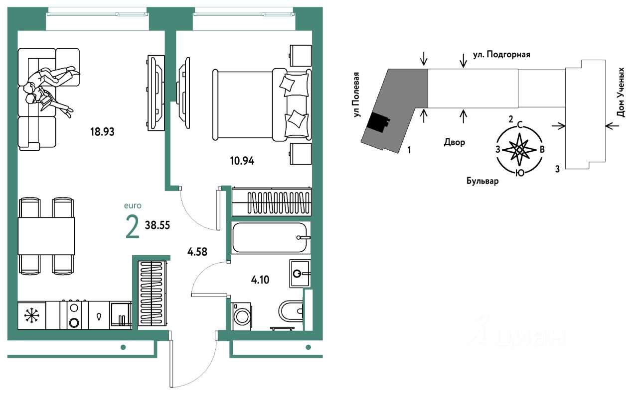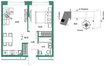 Продается 2комнатная квартира на 6 этаже от застройщика Страна Девелопмент. Площадь квартиры 38,55 кв. м.
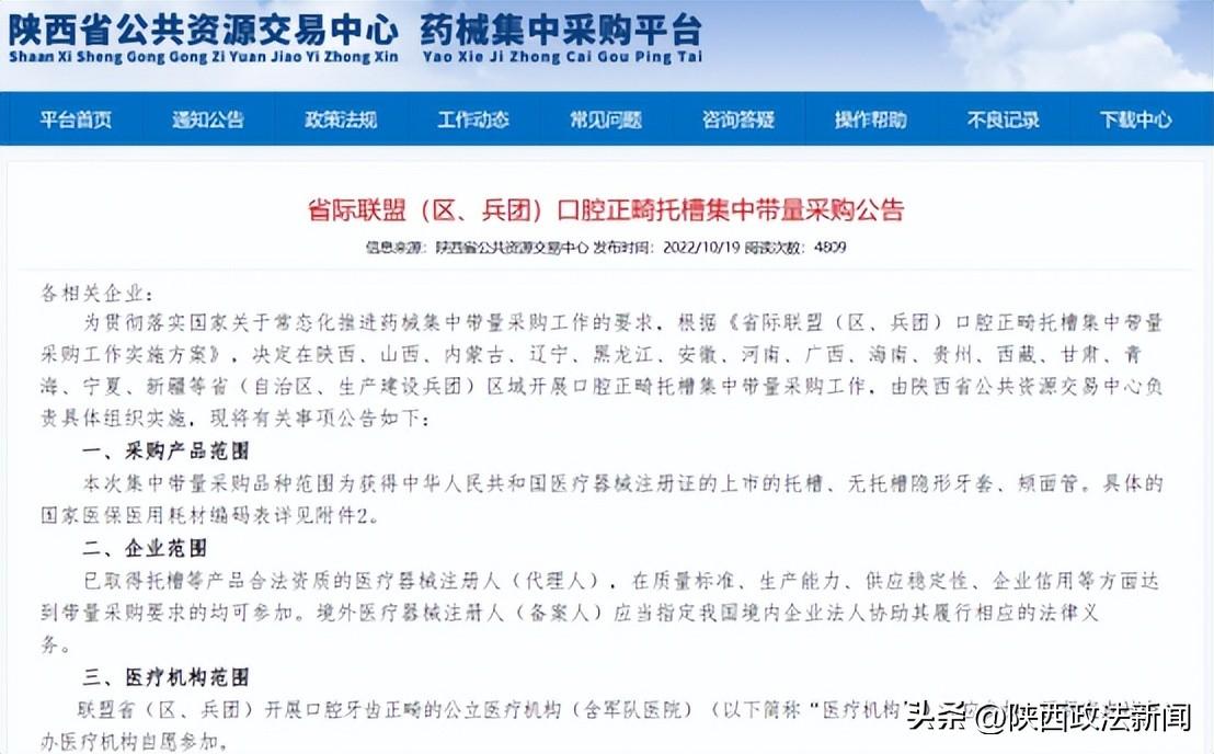 10月19日,陜西省公共資源交易中心-藥械集中采購平臺(tái)發(fā)布新《省際聯(lián)盟(區(qū)、兵團(tuán))口腔正畸托槽集中帶量采購公告》。公告顯示本次帶量采購工作將由陜西、山西、內(nèi)蒙古、遼寧、黑龍江、安徽、河南、廣西、海南、貴州、西藏、甘肅、青海、寧夏、新疆等15?。ㄗ灾螀^(qū)、生產(chǎn)建設(shè)兵團(tuán))聯(lián)合開展。
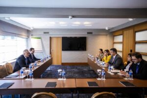 Στο πλαίσιο του ετήσιου συνεδρίου της ESPO (EUROPEAN SEA PORTS ORGANIZATION), το οποίο διεξήχθη στη Θεσσαλονίκη μετά τη Γενική Συνέλευση της 7ης, 8ης και 9ης Μαΐου 2025, ο Αναπληρωτής Διευθύνων Σύμβουλος της ΟΛΠ Α.Ε., κ. Παναγιώτης Τσώνης, συναντήθηκε με τον Επίτροπο Βιώσιμων Μεταφορών και Τουρισμού της Ευρωπαϊκής Ένωσης, κ. Απόστολο Τζιτζικώστα. Κατά τη διάρκεια της συνάντησης συζητήθηκαν τα κοινά ζητήματα και οι προκλήσεις που καλούνται να αντιμετωπίσουν οι λιμένες σε ευρωπαϊκή εμβέλεια. Στο επίκεντρο της συζήτησης τέθηκαν οι σύγχρονες ενεργειακές και γεωπολιτικές προκλήσεις, η ανάγκη αντιμετώπισης της κλιματικής αλλαγής, καθώς και ο ρόλος του λιμένα Πειραιά, ως του μεγαλύτερου λιμένα της χώρας, στην προαγωγή του διεθνούς εμπορίου και στην ανάπτυξη του τουρισμού και της κρουαζιέρας στην Ευρώπη.
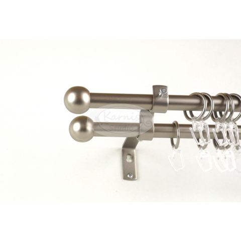 A VESZPRÉM nikkel-matt színű 200 cm-es 2 rudas fém karnis szett tartalma: 2 db 200 cm-es nikkel-matt fém karnisrúd 4 db Veszprém típusú nikkel-matt színű végzáró 2 db falra szerelhető fém konzol 40 db fém függönykarika műanyag ráncszedő kampóval vagy csi
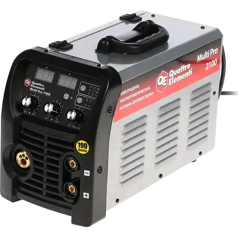 Сварочный аппарат QUATTRO ELEMENTI Multi Pro 2100 питается от бытовой сети с напряжением 220 В и частотой 50 Гц. При этом модель будет стабильно работать при скачках напряжения в пределах ± 15 %.

* WORK ORDER: Your answer must be an exact copy of every entry, with the pictures left out.

* REPLY TO THE TASK:
 Продается 2комнатная квартира на 6 этаже от застройщика Страна Девелопмент. Площадь квартиры 38,55 кв. м.
 10月19日,陜西省公共資源交易中心-藥械集中采購平臺(tái)發(fā)布新《省際聯(lián)盟(區(qū)、兵團(tuán))口腔正畸托槽集中帶量采購公告》。公告顯示本次帶量采購工作將由陜西、山西、內(nèi)蒙古、遼寧、黑龍江、安徽、河南、廣西、海南、貴州、西藏、甘肅、青海、寧夏、新疆等15?。ㄗ灾螀^(qū)、生產(chǎn)建設(shè)兵團(tuán))聯(lián)合開展。
 Στο πλαίσιο του ετήσιου συνεδρίου της ESPO (EUROPEAN SEA PORTS ORGANIZATION), το οποίο διεξήχθη στη Θεσσαλονίκη μετά τη Γενική Συνέλευση της 7ης, 8ης και 9ης Μαΐου 2025, ο Αναπληρωτής Διευθύνων Σύμβουλος της ΟΛΠ Α.Ε., κ. Παναγιώτης Τσώνης, συναντήθηκε με τον Επίτροπο Βιώσιμων Μεταφορών και Τουρισμού της Ευρωπαϊκής Ένωσης, κ. Απόστολο Τζιτζικώστα. Κατά τη διάρκεια της συνάντησης συζητήθηκαν τα κοινά ζητήματα και οι προκλήσεις που καλούνται να αντιμετωπίσουν οι λιμένες σε ευρωπαϊκή εμβέλεια. Στο επίκεντρο της συζήτησης τέθηκαν οι σύγχρονες ενεργειακές και γεωπολιτικές προκλήσεις, η ανάγκη αντιμετώπισης της κλιματικής αλλαγής, καθώς και ο ρόλος του λιμένα Πειραιά, ως του μεγαλύτερου λιμένα της χώρας, στην προαγωγή του διεθνούς εμπορίου και στην ανάπτυξη του τουρισμού και της κρουαζιέρας στην Ευρώπη.
 A VESZPRÉM nikkel-matt színű 200 cm-es 2 rudas fém karnis szett tartalma: 2 db 200 cm-es nikkel-matt fém karnisrúd 4 db Veszprém típusú nikkel-matt színű végzáró 2 db falra szerelhető fém konzol 40 db fém függönykarika műanyag ráncszedő kampóval vagy csi
 Сварочный аппарат QUATTRO ELEMENTI Multi Pro 2100 питается от бытовой сети с напряжением 220 В и частотой 50 Гц. При этом модель будет стабильно работать при скачках напряжения в пределах ± 15 %.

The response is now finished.